California Split is a movie about the adventures of two card players, and it stars two of 70s-era Hollywood’s most prolific male actors. Elliot Gould (M*A*S*H, 1970) plays Charlie Waters, a small-time card player who has the charisma and moxie of someone who’s way better at the tables than he actually is. Alongside him is George Segal (Who’s Afraid of Virginia Woolf, 1966) who plays Bill Denny, a magazine writer who moonlights as a casual player. Charlie and Bill meet in a California poker parlour game that turns heated over a dealt card hitting the floor, raising concerns of cheating. Despite this, the game continues, and one of them wins. This leads to the two players getting mugged by one of the game’s sore losers, giving them an experience that’s worth bonding over. The two become fast friends and this starts them off on a poker adventure that will test and reveal their true spirit.

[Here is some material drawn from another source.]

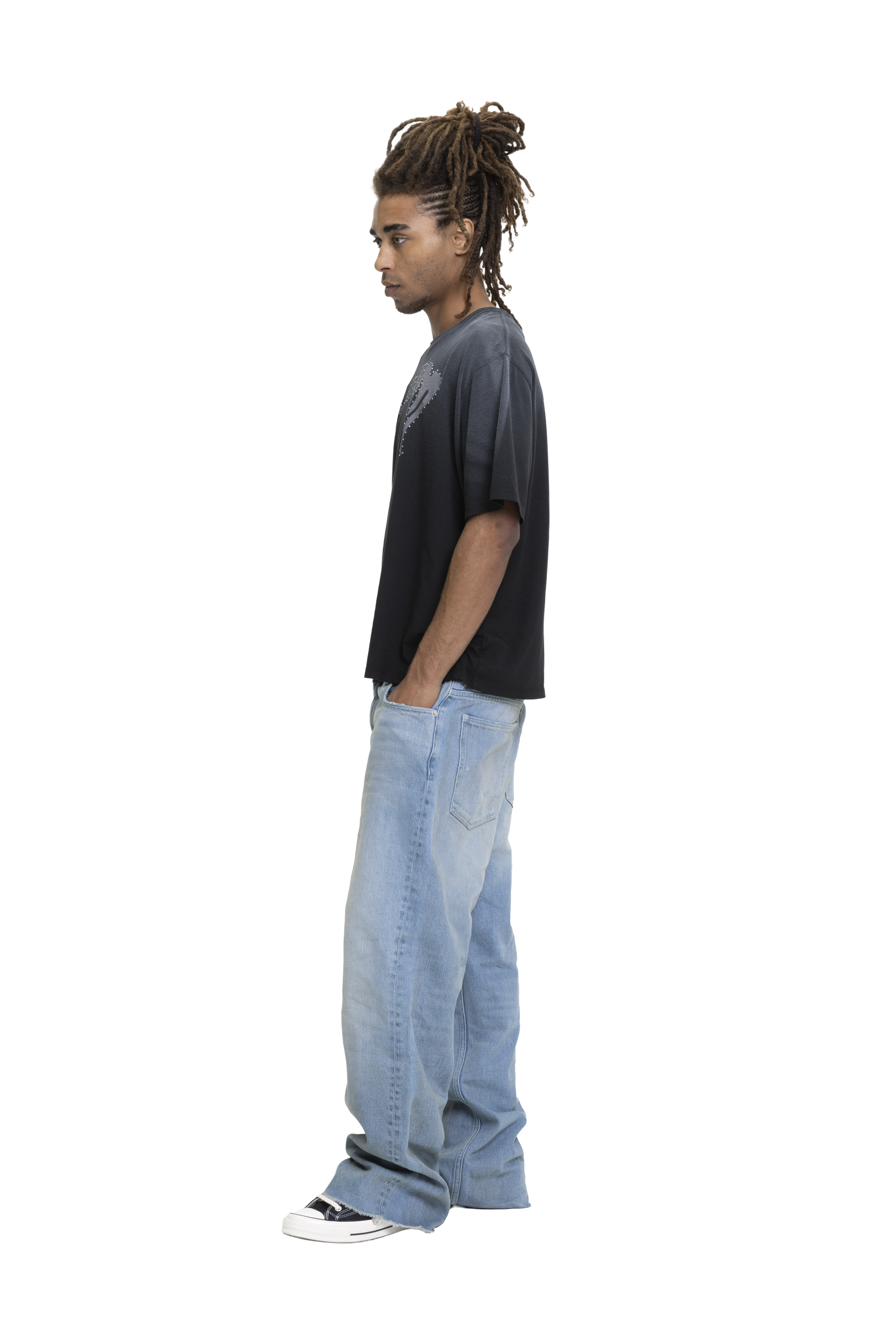 Regular-fit T-shirt crafted from high-quality brushed cotton with integrated modal. Features a LIEM front graphic applied as a screen print with rhinestones around it. Finished with a stone wash, subtle hand distressing, and a vintage-effect spray for a naturally worn look.

In a 1974 review, Roger Ebert called California Split a “magnificently funny, cynical film”, which is probably the best way to describe the succeeding events following Bill and Charlie’s meet up. Regarded by many to be one of the best poker movies ever made, California Split is a quirky but ultimately realistic and darkly comedic look into the life and mind of card players. Despite this, you don’t really need to know a thing about poker beforehand in order to enjoy the movie. It’s a classic American adventure movie that has inspired countless other road trip movies and casino films.

From start to finish, California Split follows Bill and Charlie through the race tracks, seedy bars, private poker parties, Vegas’ second-rate casinos, treating bruises with hot shaving cream, waking up to massive hangovers, and even another mugging in which their instincts are put to the test. The result is less of a movie with careful exposition, and more of what feels like an inside look into the hilariously nightmarish world of America’s casino scene. The Telegraph calls the film one of Robert Altman’s best out of his extensive catalogue. It is brilliantly pieced together by his signature subtle visual prose, realistically overlapping dialogue, and the bravely understated introductions of his many quirky characters, California Split is one of the 70s’ definite must-see adventures. Such was the film’s realism that PartyPoker state that legendary player Thomas Austin Preston Jr. aka ‘Amarilo Slim’ had a small part. In his time Slim was known as one of the greatest ever poker players, winning 4 WSOP bracelets, and would have been an inspiration for the two main characters.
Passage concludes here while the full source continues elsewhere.